Single SRAM die stacked above logic via SoIC hybrid bonding (9–4 µm pitch). 3–8× L2/L3 capacity expansion. Thermal-aware placement, KGD-screened yield, BSPDN power delivery. Volume production-ready using leading-edge N3/N2 logic + SRAM specialty node.
Two or more SRAM dice bonded in series. Ultra-fine pitch (<2 µm) hybrid bonding. Independent power domains per SRAM layer. Active-cooling integrated into inter-die gap. Compute-in-Memory (CIM) SRAM tiles for on-chip matrix-vector multiply with zero off-chip data movement.
True sequential 3D fabrication: SRAM transistors built as BEOL layers directly above the logic die. Eliminates bonding parasitics entirely. CFET-based SRAM cell enables 3D bit cell with <0.02 µm² area. Enables AI chips with effectively unlimited on-chip cache at logic-die density, rendering the Memory Wall obsolete.
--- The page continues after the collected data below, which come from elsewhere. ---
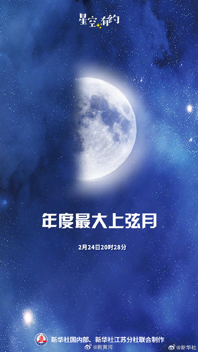 【#2月24日将迎年度最大上弦月#,仅凭肉眼即可欣赏 】2月24日20时28分将迎来今年最大上弦月。届时,月球位于轨道近地点附近,距离地球约37万公里,这轮“半遮面”的上弦月将成为亮眼的天象景观。公众无需借助专业设备,仅凭肉眼即可欣赏。(新华社)
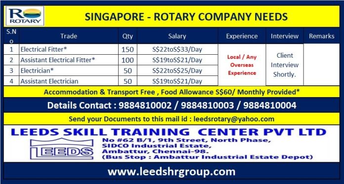 | Electrical fitter | 150 | 33 SGD per day |
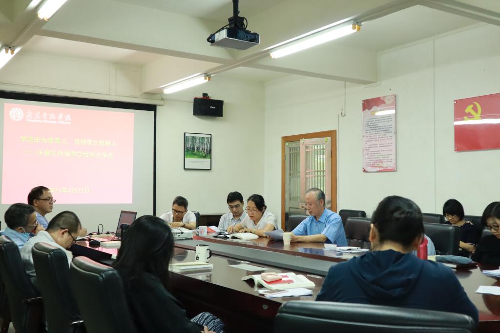 2021年4月27日,结合党史学习教育,激励外文学院党员教师牢记为党育人、为国育才的初心使命,学院特邀学校督导专家王俊生教授开展主题为“学党史为党育人,传帮带立德树人”外语教学经验分享会,党总支书记黄晓莉主持会议。
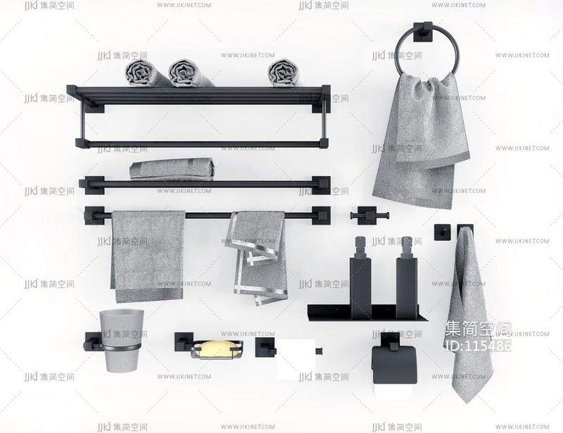 现代洗浴用品_毛巾_毛巾架_层架 3d模型下载 [模型ID:115486]
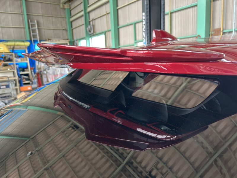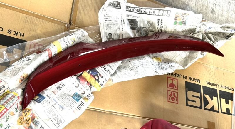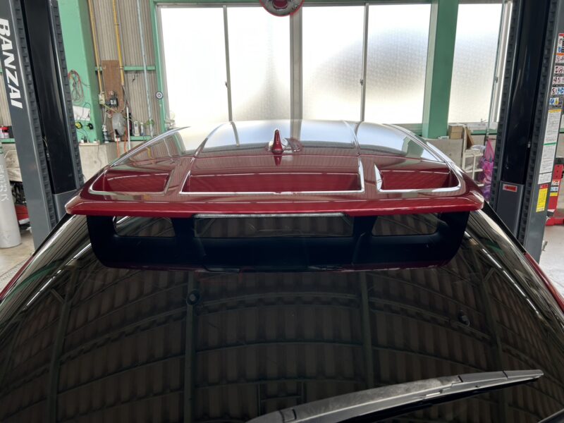 あらかじめ、持込みいただいた素地のルーフスポイラーを車体と同色に塗装しました。 こちらを取付けていきます。
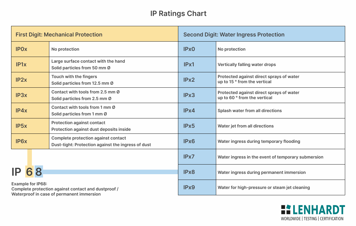 The IP code, also known as IP protection class, consists of two digits that indicate the degree of protection of a device against harmful influences. The first digit stands for protection against foreign bodies and contact (0-6), while the second digit describes protection against moisture and water (0-9). The combinations are specified in the DIN EN 60529 and ISO 20653 standards.
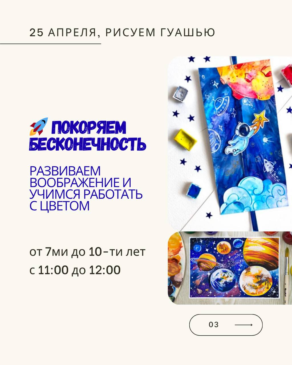 По субботам с 10:00 до 12:00 запускаем занятия по рисованию для детей разного возраста.
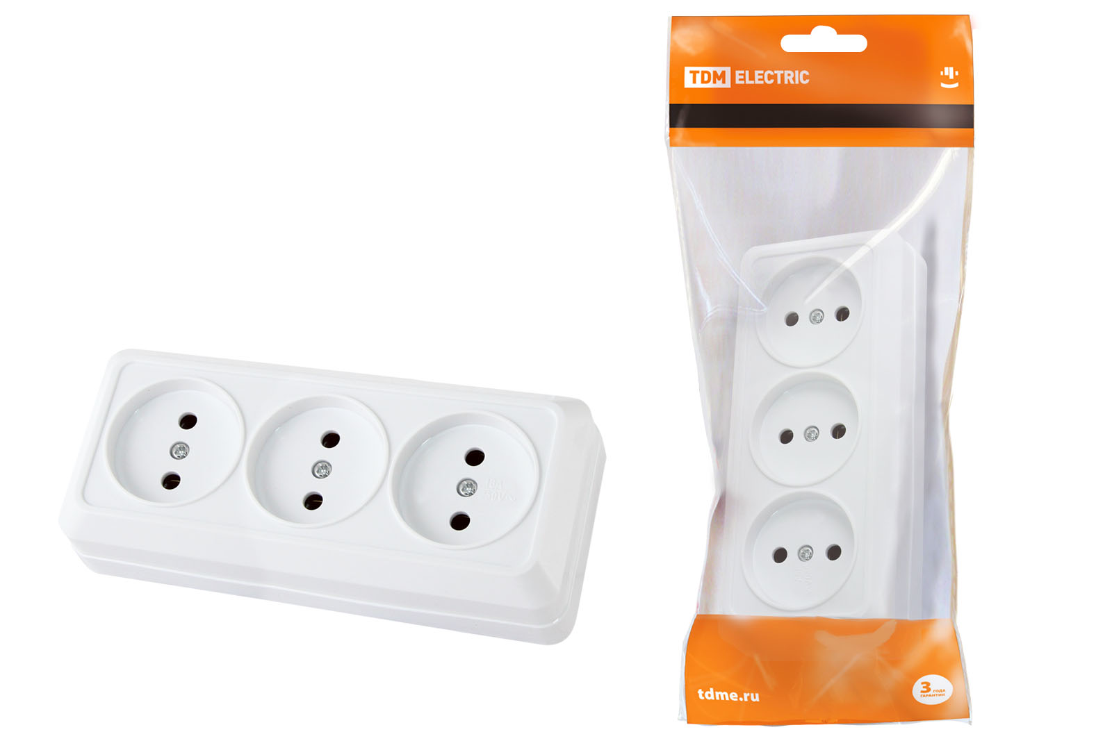 Розетка 3-х местная горизонтальная 2П открытой установки IP20 10A белая "Ладога" TDM

Integration of embedded STT-MRAM or SOT-MRAM alongside SRAM in the rotated stack. MRAM provides non-volatile storage with near-SRAM access latency, enabling persistent model weights and KV-cache state across power cycles — transforming the AI chip into a stateful compute engine.
The semiconductor industry's AI era is not limited by the number of transistors it can pack onto a logic die. It is limited by how fast those transistors can access the data they need to compute. Every benchmark, every utilization study, and every real-world AI deployment confirms the same truth: memory is the bottleneck.
2D SRAM scaling is physically exhausted. DRAM bandwidth, while improving, can never bridge the latency and energy gap between far memory and near-compute. The only architectural move that fundamentally solves the problem — without invoking exotic unproven technology — is to rotate SRAM into the Z axis and bond it directly above the logic die.
Qoresic builds this insight into every layer of its stack: from SRAM cell design and thermal management, through DTCO co-optimization and BSPDN power delivery, to the compiler runtime that manages the rotated cache hierarchy transparently for AI workloads. The result is an AI platform where tensor cores run at full utilization, inference latency drops 5–20×, and energy per token shrinks by an order of magnitude.
Qoresic does not merely build chips. Qoresic builds the memory architecture the AI era demands — and SRAM Rotation is how we deliver it.